In contrast to amateur players, professional players are part of sponsored teams and have extensive contractual obligations to their organisations. The number of professional esports players in Germany is unknown.
The ongoing COVID-19 pandemic has upended esports organisations’ plans for large in-person events for the foreseeable future. Due to health and safety concerns and governmental restrictions, the organisations have been forced to cancel regional and international esports events with audiences and move the competitions online.
The COVID-19 pandemic has had quite a significant impact on professional sports and the corresponding law. Although German law and statutes claim to provide a legal solution for every situation, the pandemic has led to a variety of new interpretations and legal assessments that had not previously existed.
Freedom of Association
Can a competition be stopped in the middle of the season? Will the season then be considered as valid or invalided? Can a system and/or structure of a competition be changed with immediate effect to the current season? The associations (eg, the DFB and DFL) were able to act and answer these questions under their fundamental right of “freedom of associations” that allows them to adopt their own rules and laws and change them likewise, provided that this does not violate equal or higher ranked rights of third parties.
In B2B and B2C relationships, on the other hand, parties had to make several compromises and find solutions applying the general statutes of German private law. Employment agreements needed to be interpreted regarding their duration and questions of payment. Services already rendered had to be reversed (eg, in the context of ticketing and sports travel). The former legal uncertainty in such extreme situations led to several changes in the field of legal drafting, especially in the area of terms and conditions.
Brexit has had a major impact on many areas of professional sports and the corresponding law. The inapplicability of EU freedom of movement principles will influence the transfer business in all professional sports leagues. The Premier League, for example, has already implemented certain restrictions for foreign players in order to protect and promote their own young talents.

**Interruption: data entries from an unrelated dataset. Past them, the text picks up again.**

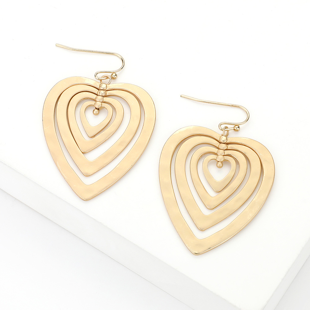 Rhinestone Embellished Metal Heart Beaded Open Circle Earrings
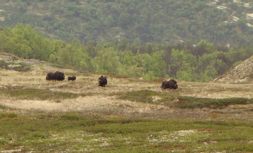 Wir laufen weiter bergan, die Birkenwälder werden lichter und wir wandern an kleinen Schneefeldern vorbei. Und dann sind wir oberhalb der Baumgrenze. Die Vegetation wird deutlich geringer, Flechten und Mose mit ihren teilweise winzigen Blüten bestimmen das Bild und wir haben einen super Rundblick ins Land hinein. Jedoch, nirgends sind Moschusochsen zu erblicken, so sehr wir auch Ausschau halten. Auf unserem Rückweg – der Himmel hat sich drohend verdunkelt – sehen wir dann zu unserer großen Freude eine kleine Herde mit einem Ochsen und vermutlich zwei Kühen und Kälbern. Bei der majestätischen Größe der Tiere sind wir froh, dass eine erhebliche Distanzstrecke zwischen uns liegt.
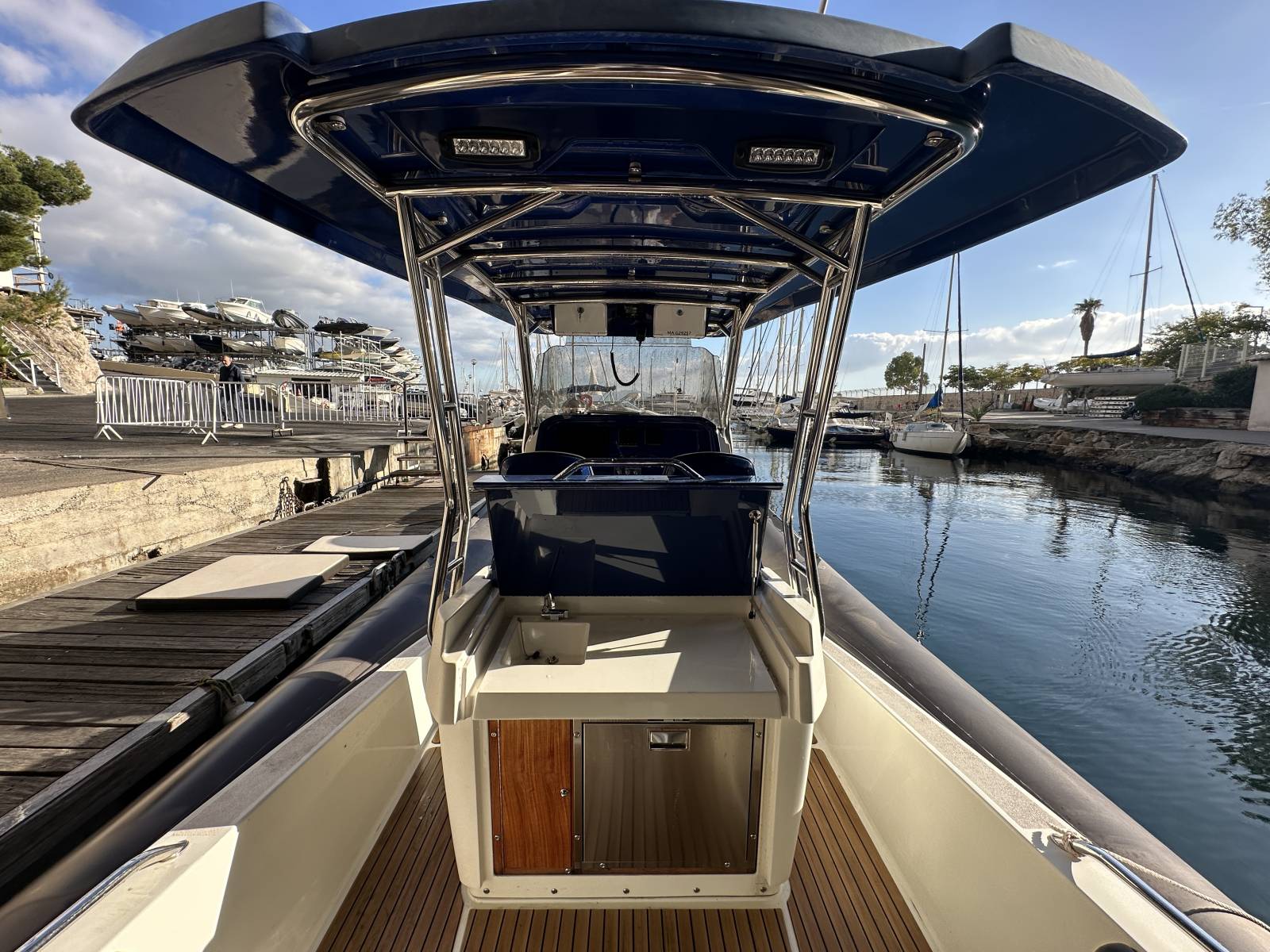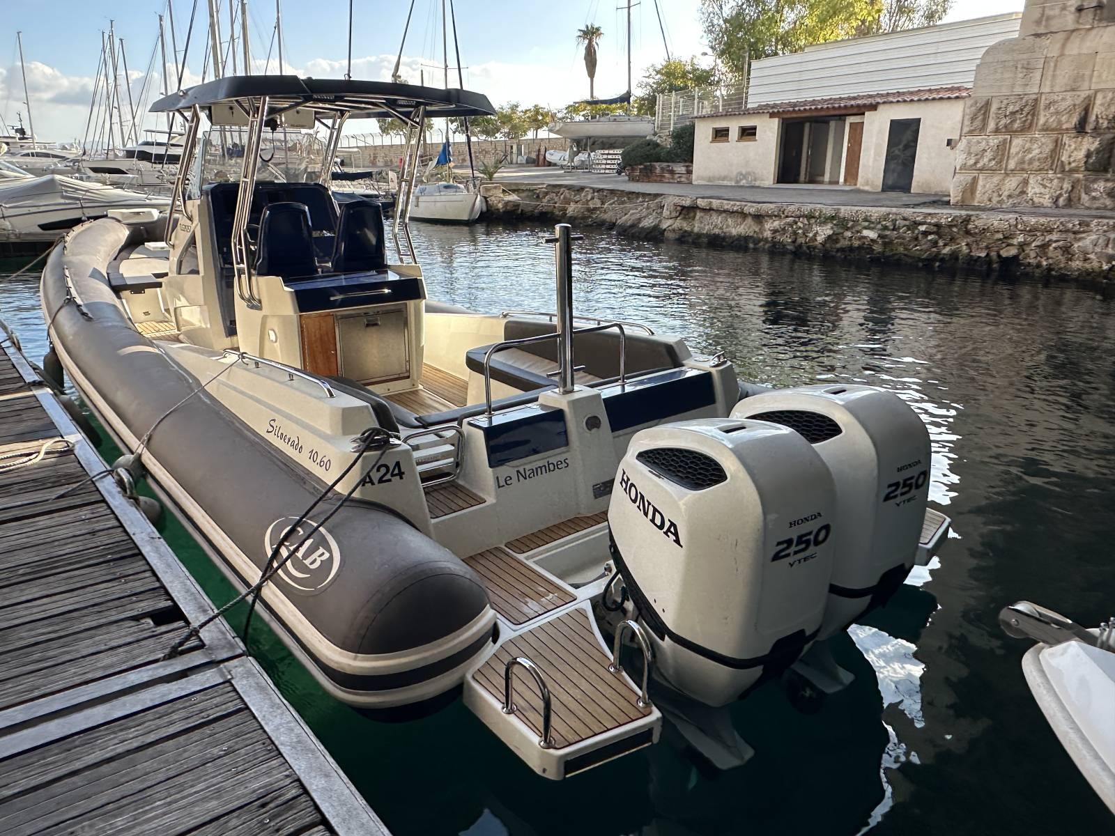 Semi-rigide polyester avec flotteurs Hypalon,pouvant accueillir jusqu’à 16 personnes en navigation. Cuisine extérieure avec évier et réfrigérateur, table de cockpit, coussins de cockpit, bain de soleil avant, T-top inox.

Besides, sponsors (and other contractual parties) must answer different legal issues in the context of cross-border business with the UK (eg, tax issues, scope of trade mark protection and all kind of liability questions). Brexit-related legal advice should focus on the client's interest in gaining the best commercial results while avoiding negative effects on compliance and legal certainty. We expect this area of Brexit-related consulting to be very dynamic and that there will be a need for constant adaptations in the next couple of years.